Application for confiscation of £462,775.36 resisted - order to pay £168,000

An order was made for K to pay a confiscation order of £168,000 - 36% of the amount for which a financial prosecuting authority had applied in its application (£462,775.36). 


The defence had served and filed evidence to show that the contested confiscation order should be made for £161,209.09 plus a further sum to reflect unattributed funds - 96% of the amount ultimately ordered. 
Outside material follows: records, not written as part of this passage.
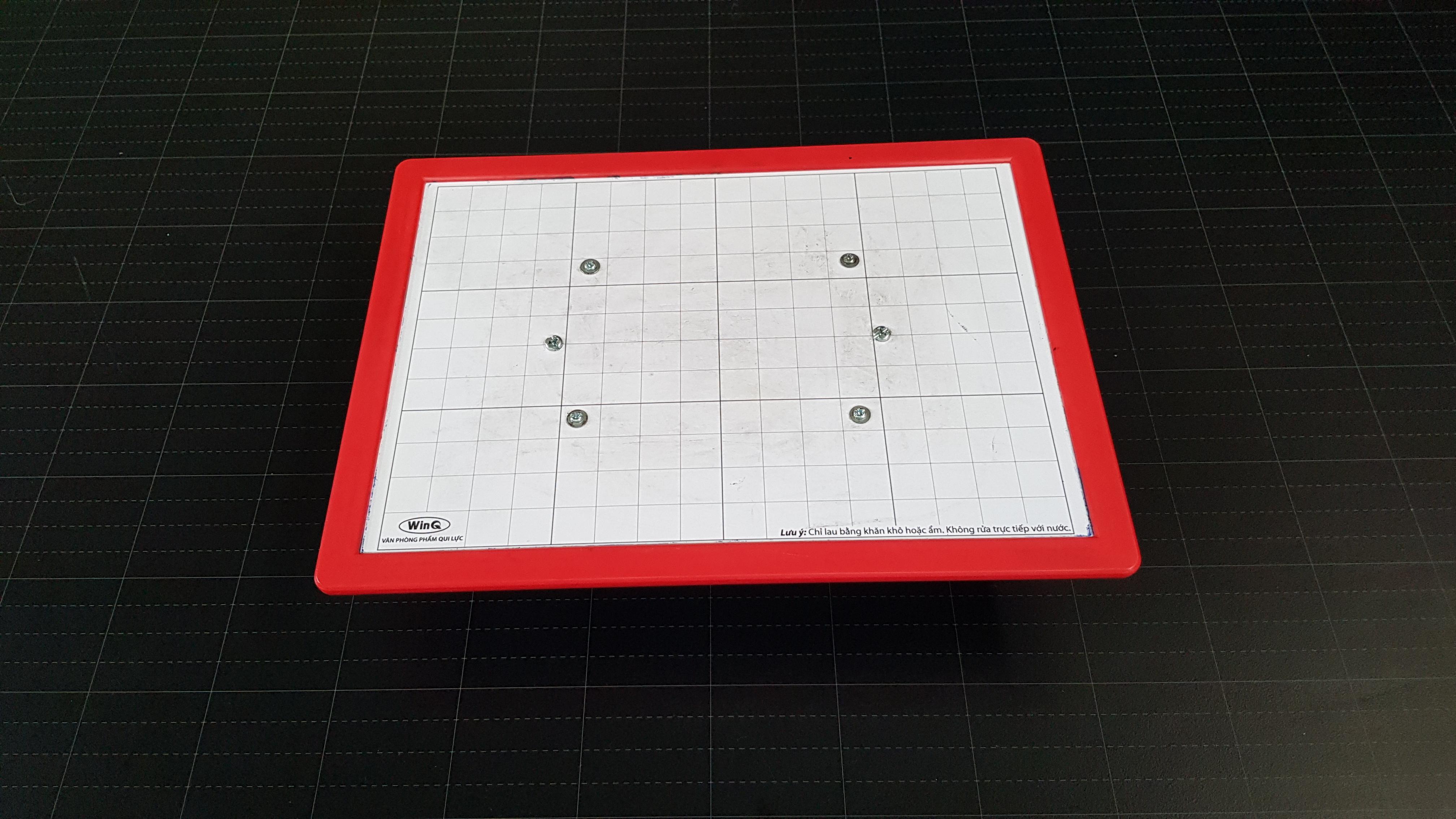 - I reused a black and white board, A4 size for kids as a working platform which had a plastic border at outer edges. Before connecting X axis base to working platform by bolts, I inserted 2pcs x acrylic sheets thickness 5mm to make a gap between working platform and other supports.
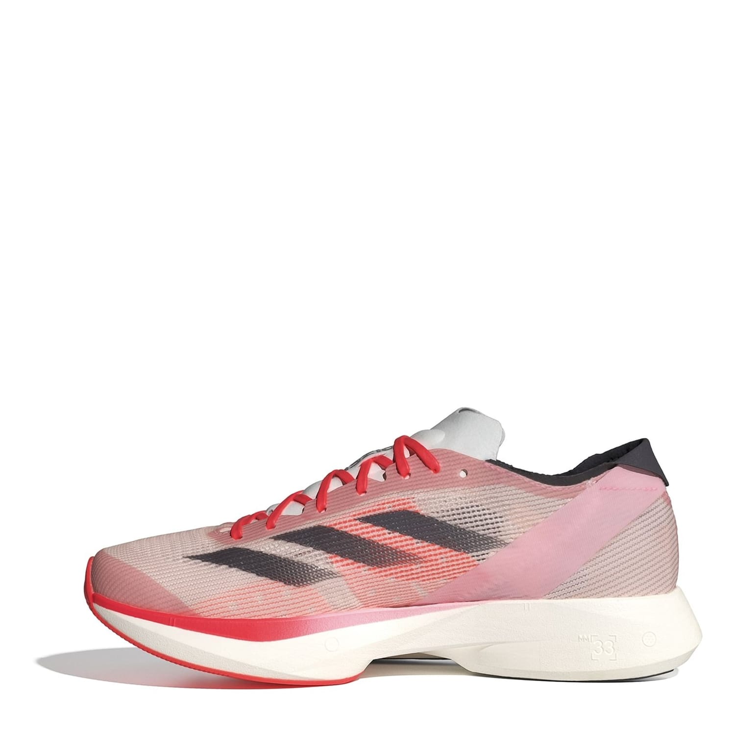 Designed exclusively for speed, the adidas Adizero Takumi Sen 10 Running Shoes get you to the finish line in your fastest time. Featuring two layers of Lightstrike Pro cushioning and EnergyRods for a seamless transition toe-to-heel, these lightweight shoes provide moderate cushioning for a smooth transition from corners to straights. Crafted with a lightweight mesh to the low profile upper, these women's running trainers are built to aid runners in chasing personal best times. Set upon a durable rubber sole for traction on light or fast runs, the full lace closure ensures a lock-down fit with each stride. With cushioning to protect on road surfaces and a snappy responsive feel, runners can attack a 10K with confidence in the Adizero Takumi Sen 10.
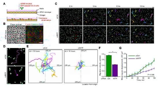 HPMCs were isolated, as we previously reported [], from the tumor-free human omentum of patients with malignant ovarian tumors. The HPMCs were cultured on collagen-coated plates in RPMI-1640 media supplemented with 10% FBS and penicillin/streptomycin until confluency. Confluent monolayers of HPMCs were incubated, and then GFP-labeled ES-2 cells with control or MITF-targeted siRNA were seeded. The time-lapse images were acquired every 10 min for 600 min with a BZX-800 microscope and then analyzed with BZX-800 View Analyzer Software. The average migration velocities and mean squared displacements (MSDs) of individual cancer cells were obtained.
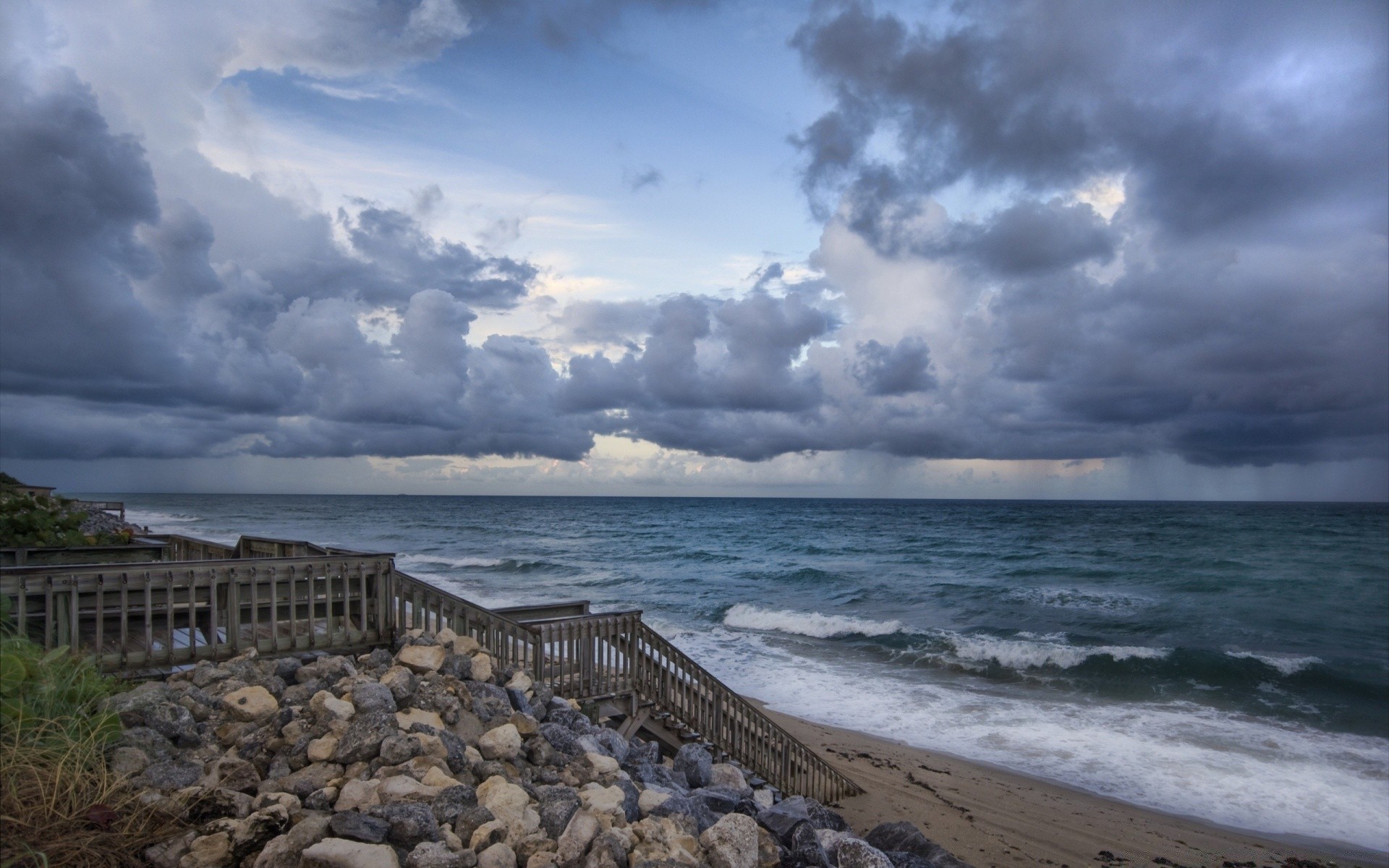 Wunderschöne Meereslandschaft mit Wellen, krümeligem Sand und abfallenden Steinen
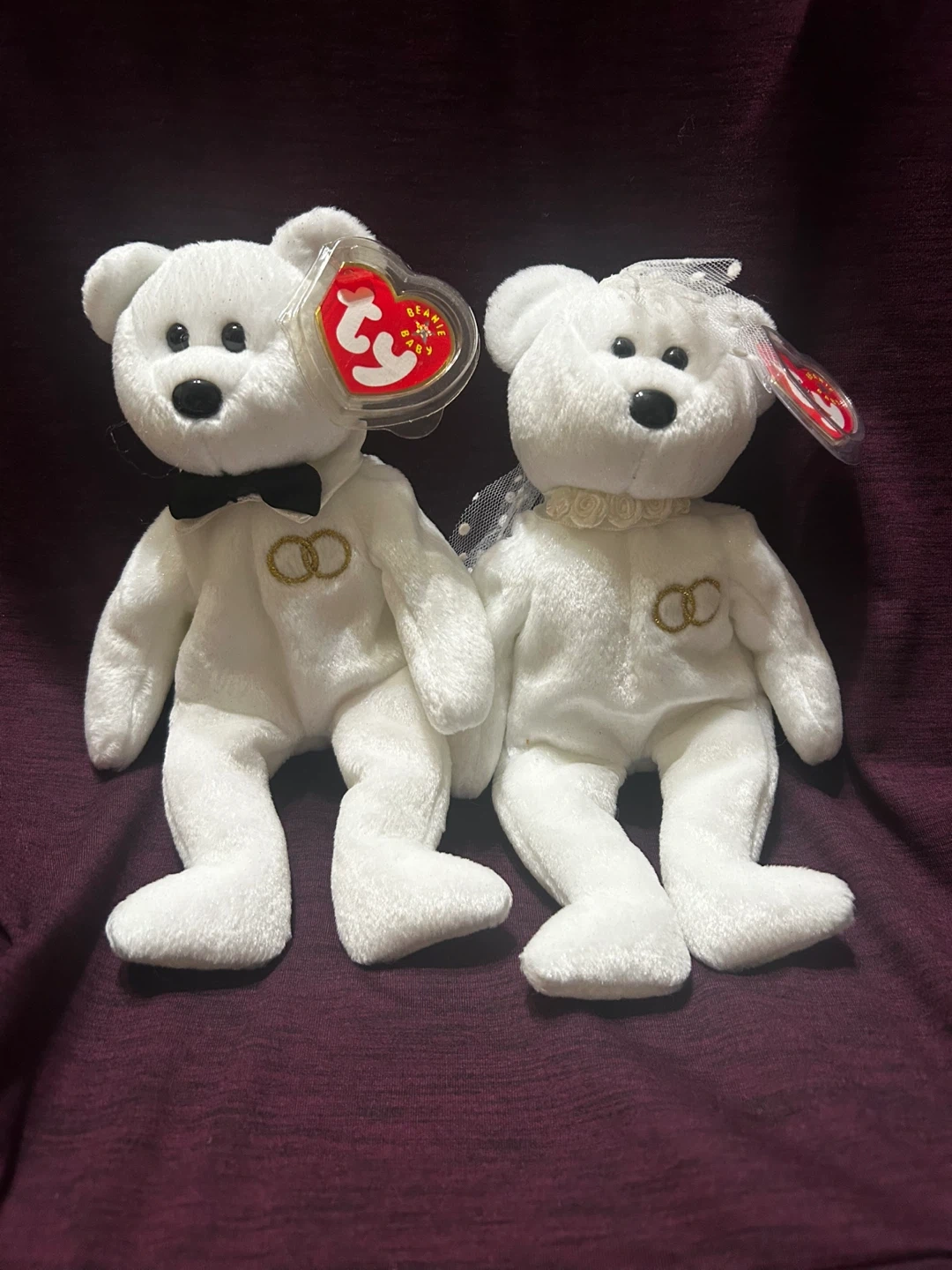 Selling a pair of adorable Ty Beanie Baby bears dressed for a wedding! You'll get both the bride and groom bears, complete with their original tags. They are in excellent condition and ready to celebrate!

There was no benefit from particular criminal conduct. The question was whether the Crown could prove benefit from general criminal conduct. There are four assumptions in the statute of which three applied in this case: those relating to transfers, expenditure and property held since the date of conviction. Where a defendant elects to contest confiscation proceedings, the burden is on him to displace the assumption or to show that there would be a serious risk of injustice if a judge were to act on that assumption. 


The learned judge, HHJ MacDonald Q.C., agree with the analysis of defence counsel and observed that the applicant financial prosecuting authority had significantly revised its position in the course of what was a five-hour contested POCA hearing. The learned judge observed that the Crown had made substantial modifications to its case in the course of the contested hearing. ‘[…] In their closing written submissions, the Crown further modified their case. They conceded that the interested party, the wife, owned half of the matrimonial home. They abandoned from benefit calculation all the property held by the defendant.’  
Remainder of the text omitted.